小さく鳴いてくちばしでそれを受け取るシルヴァ。と、同時に扉を叩く音がする。
■ビアトリス To:扉 |
はい……、どうぞ? |
扉の外にいたのはアシストとユウルとリッキだった。
■アシスト To:ビアトリス&シルヴァ |
書き終わったみたいだね。 シルヴァもご苦労さん。 |
シルヴァを撫でてやると手紙を受け取り、ビアトリスに向き直る。
■アシスト To:ビアトリス |
この手紙はきっと届けるから(^^)b |
■ビアトリス To:アシスト |
よろしくお願いいたします。 |
ビアトリスは深々と頭を下げる。
■リッキ To:ビアトリス |
ねぇねぇ、あたし、ビアトリスさんに聞きたいことがあって。 マルセリーナちゃんを取り戻したら、どうするの?どこか、行くあてってあるの? |
リッキに言われて、初めて気がついたようにハッとした顔をするビアトリス。
■ビアトリス To:リッキ |
いいえ……。

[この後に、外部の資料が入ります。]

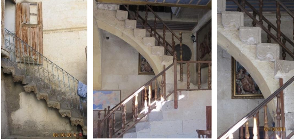
Fot. 3. Mustafapaşa konutlarında avludan çıkılan merdiven örnekleri

Genellikle taştan yapılmış süslemeli merdivenlerle (Fot. 3) avludan çıkılan üst katlardaki odalar ve sofa (Fot. 4 ve Fot. 5) iç mekân kimliği açısından zengin unsurlar içerir. Kimi zaman konukların da ağırlandığı, günlük işlerin yapıldığı sofada raf, niş, lambalık, sedir gibi elemanlar yer alırken yüklük ve gusulhane bulunmaz. Genellikle kemerli pencereleriyle sofalar konutun diğer odalarına göre daha büyüktür ve zengin süslemelere sahiptir. Sinasos konutlarında odaların girişindeki pabuçluk, ahşap ya da taştan yapılmış sedirler, yüklük, bazılarında gusulhane, duvarlardaki nişler, ahşap dolaplar ve ocak iç mekânlardaki karakteristik donatılardır. Odalardan daha konforlu ve gösterişli olanı misafirlerin ağırlandığı başoda olarak planlanmıştır. Konutlarda belirli bir yerde konumlanmamış olsa da Sinasoslu Rumların ibadet için kullandıkları ikona nişleri bulunmaktadır.
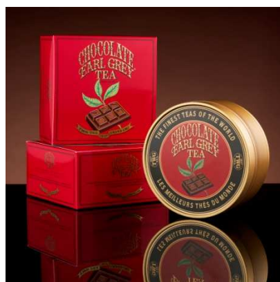
<Chocolate Earl Grey> (TWG Tea)

今年のバレンタインは、東急プラザ銀座の洗練されたメニューを、大切な人に贈ってみてはいかがでしょうか。
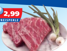
Schälrippchen 1 kg
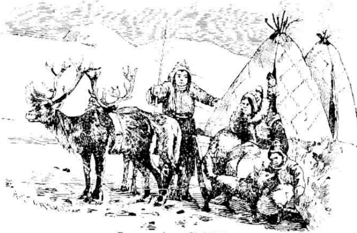
Lappe im Schlitten.

Die Halbinsel ist größtenteils mit Gebirgen, Seen und Wäldern angefüllt, und nur \frac{1}{10} des Landes eignet sich zum Ackerbau. Daher erklärt sich die geringe Bevölkerung des Landes. Auf 1 qkm kommen hier durchschnittlich nur 9 Menschen. (In Belgien 215, im Königreich Sachsen 252!) Den Süden und Osten bewohnen Schweden, den Westen Norweger, den hohen Norden Lapp-
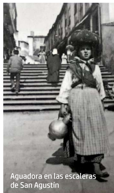
Aguadora en las escaleras de San Agustín

Los oficios ¿A qué se dedicaban? La escritora cuenta en la novela que el trabajo estaba mal visto entre los residentes en el Barrio de Arriba, donde se asentaban la nobleza y la aristocracia. Entre los habitantes de otras zonas de la ciudad abundaban pescadores, comerciantes y gentes que desempeñaban variedad de oficios. La actividad fabril se concentraba en la Fábrica de Tabacos, que, según la Pardo Bazán, empleaba ya por entonces a 4.000 cigarreras. Pescantinas, mandaderas (mujeres que transportaban en carretillas los baúles de los emigrantes), lecheras, piñeras, aguadores, afiladores, zapateros o saludadoras (curandera que empleaba jaculatorias y fórmulas mágicas para, por ejemplo, levantar la paletilla) eran algunas de sus ocupaciones.
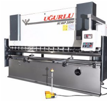
Ürün Cnc Hidrolik Pres
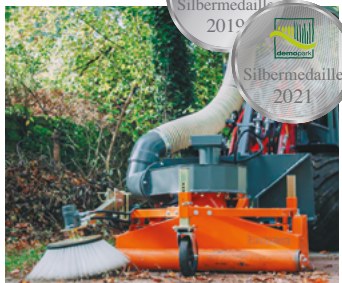
Silbermedaille 2019 & 2021 für das bema Saug-Kehrsysteem
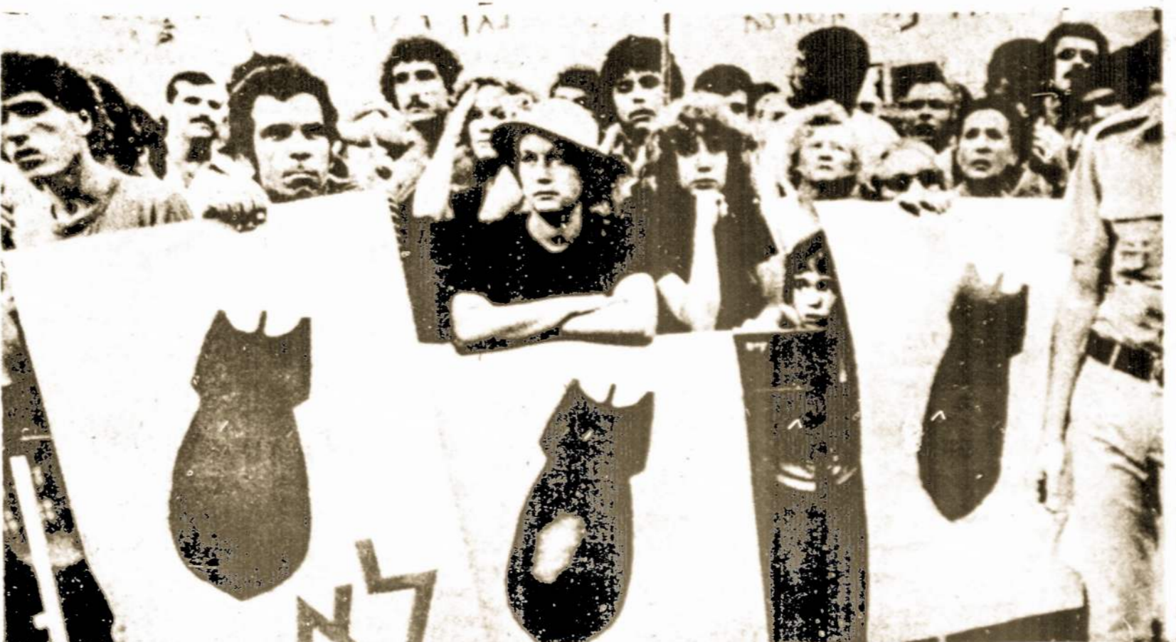
Ne tik visas pasaulis, bet ir daugelis paties Izraelio gyventojų ir karių protestuoja prieš Izraelio invaziją į Libaną ir prieš civilinių žmonių žudymą ir Beirutą deginimą ir griovimą. Nuotraukoje — protesto mitingas Tel Avive.

Amerika esanti tuo susirūpinusi, nes Irano kariuomenės pajudėjimas sudarytų jai problemų, kadangi jai draugiškos Saudi Arabija ir Kuwait vyriausybės bijo Irano revoliucinių idėjų.
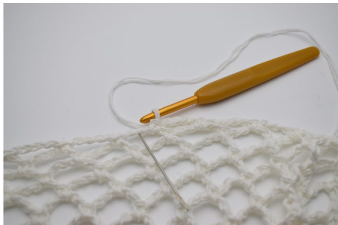
1. I varje lm- båge virkas 4 fm.
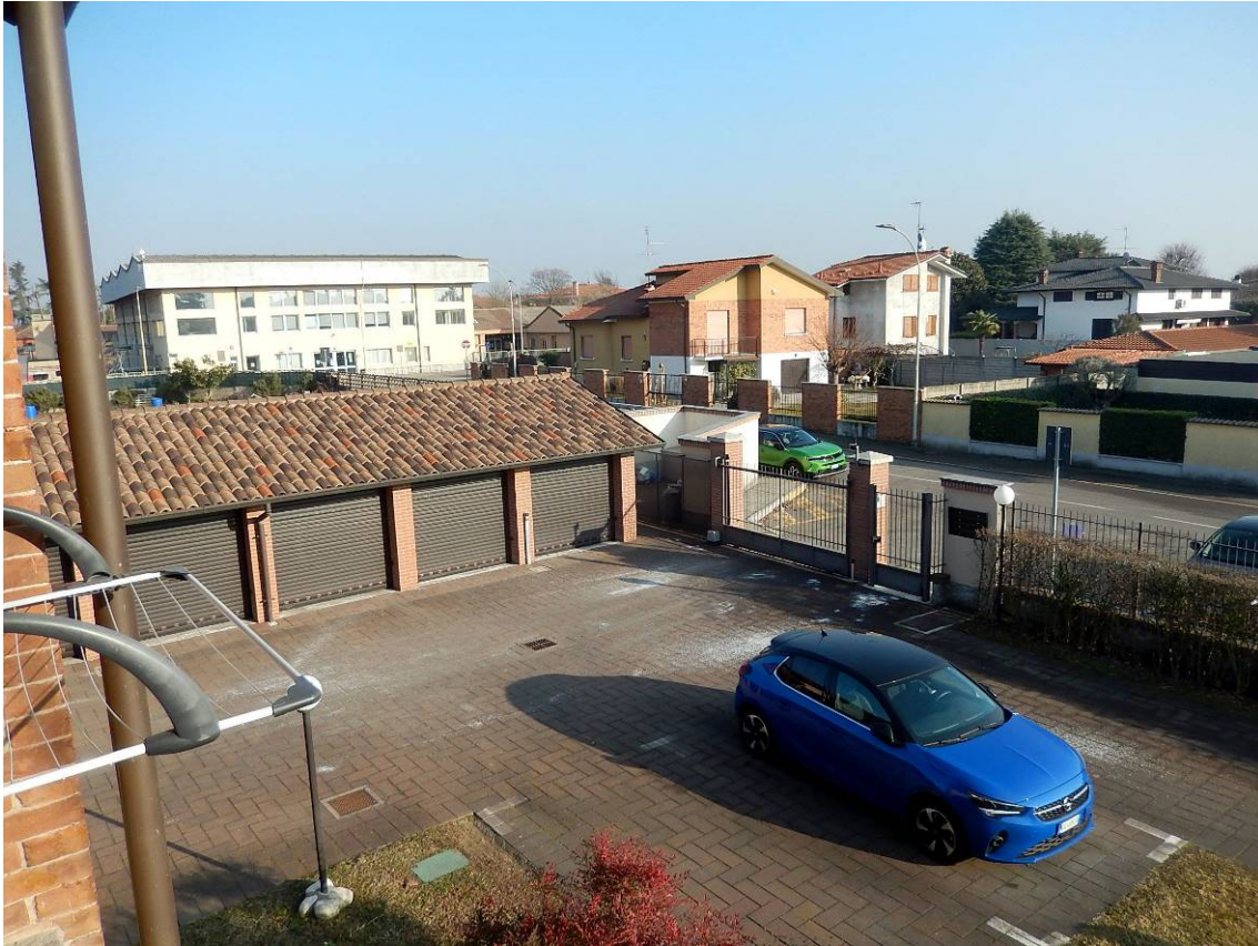
Foto 15 – Vista parziale del cortile con in evidenza la stecca dei box.
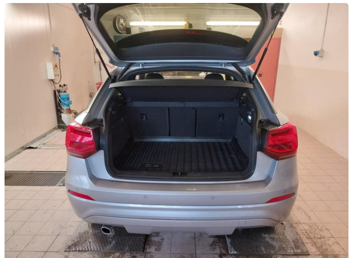
2.1 Div steinsprut og lakkriper finnes

その後の事など考えておりませんでしたわ。クーラフクに帰っても、また同じ事の繰り返し……。どこか静かに、2 人でゆっくりと暮らせるところがあればよいのですが…… |
■ユウル To:ビアトリス |
体のことも考えると、あまり遠くへの旅も難しそうですね…そうだ、私の故郷の村がこの近くなんですけど、一旦そこへ身を寄せてみませんか? 幸いまだうちの両親健在なので、いろいろ世話してくれると思いますよ。田舎だから、社交界とか高等な教育とかは縁がないですけどね(^^ゞ |
■ビアトリス To:ユウル |
まぁ、素敵。わたくしの故郷もとても田舎なのですよ。きっと、穏やかで良いところなのでしょうね。でも、ご迷惑ではないかしら。わたくし達などがおしかけて…… |
■ユウル To:ビアトリス |
あ、それは気にしなくても平気だと思います。 村のみんなは気さくでいい人ばっかりだし、私の父親って元冒険者で「自称元勇者」だから、困ってる人助けるの大好きなんです(笑よければ、どうぞ遠慮なく居ついてください♪ |
■ビアトリス To:ユウル |
ありがとう。本当に、こんなわたくしによくしてくださって…… 感謝いたしますわ。 |
■ユウル To:ビアトリス |
それで、今後の行く先と関連することなんですが…(真剣な表情になって)急な話ですが、明日、マルセリーナ嬢をゴリーエフ氏の元から奪還する計画を立てました。一通り、ご説明しますね。 |
ユウルは明日の計画の概要をビアトリスに説明した。ビアトリスにはオラン郊外で待機してもらいたい旨を告げる。
■ユウル To:ビアトリス |
お身体の具合にもよりますから、無理でしたらここで待ってもらってもと思いますが…明日、移動できそうですか? |
■ビアトリス To:ユウル |
まぁ、そんな計画を……。 勿論ですわ。そんな大事な時に一人待ってなどいられません。たとえこの身がどうなろうと、再び娘に見えられるのであれば……異存はございません。 |
ユウル、リッキ、アシストの手をそれぞれ取っておし戴く。
■ビアトリス To:ALL |
本当に、本当にありがとう。わたくしには祈る事しかできません。常に幸運が皆様と共にありますように。お頼みいたします。どうか、娘をよろしくお願いいたしますね。 |
■ユウル To:ビアトリス |
はい、ご期待に添えられるようがんばります。明日のためにも、今日はゆっくりと休んでおいてくださいね。 |
ゴリーエフ邸 塀の外 |
すっかり夜も更けて、美しい満月が中空を彩る。ゴリーエフ邸周辺に人影はなかった。そして外側から見る限り、屋敷内の明かりも消えている。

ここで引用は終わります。